Total and itemized NIHSS components have a fair correlation with outcome in minor stroke highlighting the importance of other measures of stroke severity for clinical trials.

Keywords: minor stroke, outcome, NIHSS score subsets, NIHSS score, treatment, stroke, cerebrovascular disorders, ischemic attack, transient, outcomes, techniques

Background

Approximately two-third of patients with ischemic stroke are found to have mild deficits, with a National Institutes of Health Stroke Scale (NIHSS) ≤5 across a variety of study designs.^1,2 One-third of patients are excluded from thrombolysis because of mild deficits, making it a very common exclusion criterion.^3,4 Approximately 30% of patients with minor strokes who are excluded from thrombolytic therapy for mild symptoms have poor outcomes: disability at 90 days (modified Rankin scale [mRS] 2-6),^5,6 discharge other than to home,^4,7 and lack of independent ambulation at discharge.⁴ It is not clear, however, whether treating those patients with thrombolysis improves their clinical outcome.⁴

A consistent predictor of outcome in patients with minor deficits is evidence of large-vessel occlusion on imaging.^8,9 Limiting hyperacute treatment to only patients with large artery occlusion may lead to poor outcome in patients with potentially disabling deficits but no large-vessel occlusion. Physicians tend to rely on the type of deficits to define minor stroke,⁵ but the correlation between the neurological deficit and the outcome is incomplete. While one study showed that the types of deficits do not predict outcome in minor stroke,¹⁰ other studies showed that distal hand weakness,¹¹ gait disorder,¹¹ language,¹¹ leg weakness,¹² and neglect¹² predict poor outcome in patients with mild deficits. Thrombolytic therapy in minor stroke may depend on the treating physician’s subjective opinion of a “nondisabling” deficit.¹³ Subjective assessments introduce wide variability in the treatment of mild strokes such that the efficacy of treatment cannot be determined with current studies. Identifying whether and to what degree the itemized NIHSS (used on the majority of patients with stroke in routine clinical practice) predicts outcomes would identify which patients are best suited for new clinical trials. In the present study, we examined the association between itemized components of the NIHSS with discharge outcome among a sample of participants in a clinical trial with mild stroke untreated with thrombolysis.

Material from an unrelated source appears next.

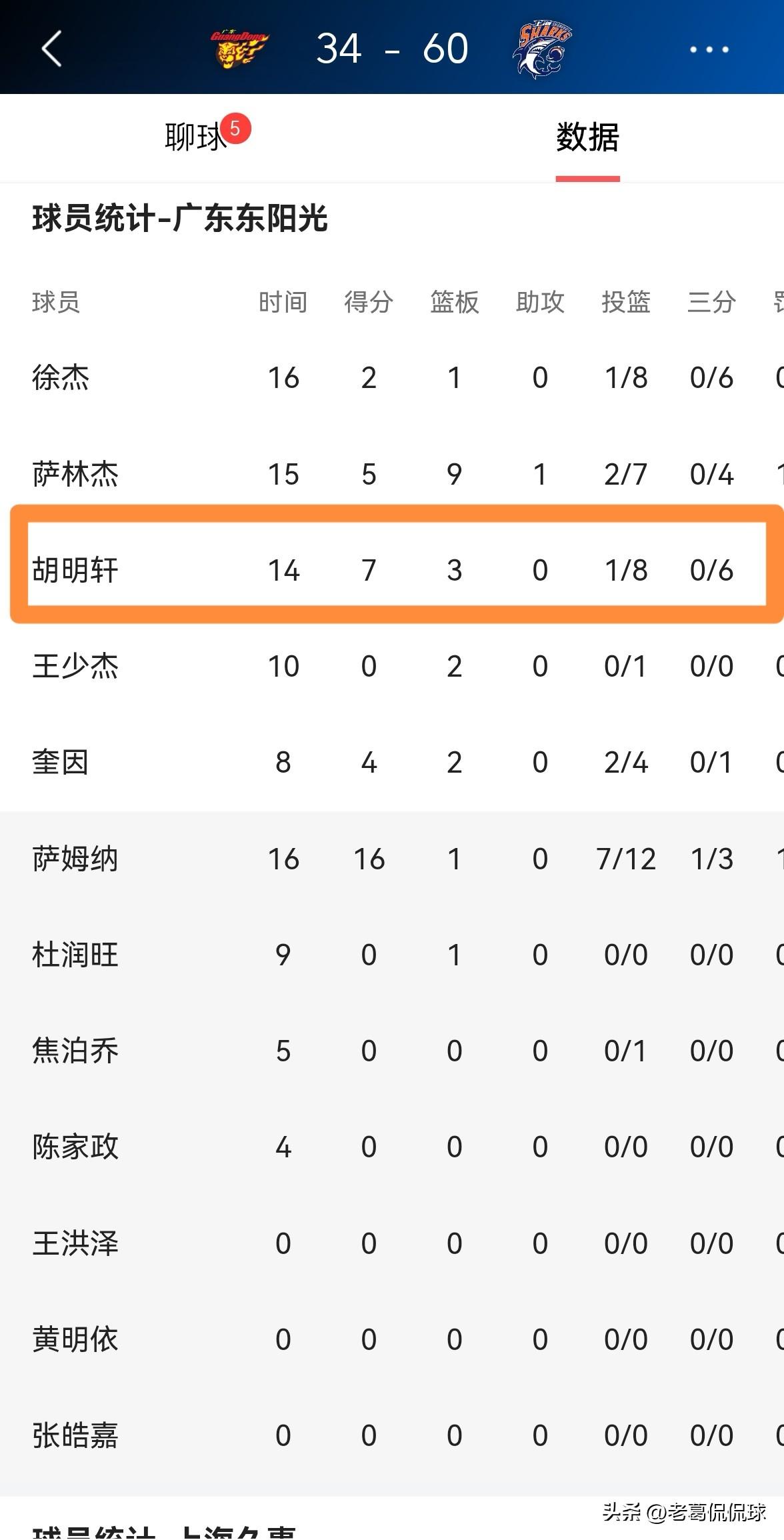 我必须要好好夸夸广东东阳光球星胡明轩!在今天进行的广东东阳光和上海久事的比赛中,目前双方半场战罢,广东东阳光以34:60落后于对手。在前两节比赛中,胡明轩首发出战14分钟,投篮8中1,其中三分球6中0、罚球6中5得到7分3篮板1抢断1盖帽,没有出现失误和犯规,他的场上正负值为-18。 虽然胡明轩和徐杰一样手感冰凉,但是我还是要称赞胡明轩,因为胡明轩在手感冰凉的情况下努力冲击篮下造犯规帮助球队,此外胡明轩在防守端的投入度也很高。
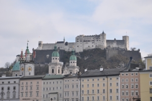 Hoch über den Dächern der Stadt thront die Festung Hohensalzberg, ein Geschenk des österreichischen Staates an das Land Salzburg zum 200. Geburtstag. Der Festungsberg selbst spielte schon zu Beginn unserer Zeitrechnung eine wichtige Rolle, war er doch der einzig sichere Zufluchtsort für die in Salzburg siedelnden Menschen bei den schon damals immer wieder vorkommenden Ein- und Überfällen der Germanen. Wir bleiben daher lieber im Tal und genießen die letzten Sonnenstrahlen des Tages an der Salzach. Martin wird neu eingekleidet und danach durchstreifen wir die engen Gässchen der Altstadt.

We examined the association between the itemized NIHSS components with discharge outcome and the ability of the itemized NIHSS to predict outcome. We hypothesized that the itemized NIHSS would provide improved prediction of outcomes in minor stroke compared to the total NIHSS.

Methods

We retrospectively analyzed data from the Stroke Warning Information and Faster Treatment (SWIFT) trial that randomized 1635 adults with stroke or transient ischemic attack to an intensive stroke-specific education intervention versus standard of care. The primary outcome in SWIFT was time from symptom onset to arrival to the emergency department if the participant had a second stroke.¹⁴ The trial was conducted from February 2006 to February 2010. In our analysis, we included only participants with (1) final diagnosis by the attending vascular neurologist of ischemic stroke, (2) initial NIHSS score of 0 to 5 inclusive, and (3) we excluded patients with transient ischemic attack based on the most recent tissue definition¹⁵ and patients treated with thrombolytic therapy to eliminate potential confounding on outcome from thrombolysis itself.¹⁶ Participants were divided into 2 groups based on discharge outcome (home vs not home), and poor outcome was defined as nondischarge home.⁷ Each itemized NIHSS component on admission was dichotomized into 2 groups (0 for no score and 1 for a score of 1 or more). For simplicity and due to the expected low number of patients having minor stroke with deficits in level of consciousness (LOC)¹², the items 1a, 1b, and 1c were combined into 1 category.

Clinical characteristics were compared between the categorical discharge outcome using t test for continuous variables and chi-square for categorical variables.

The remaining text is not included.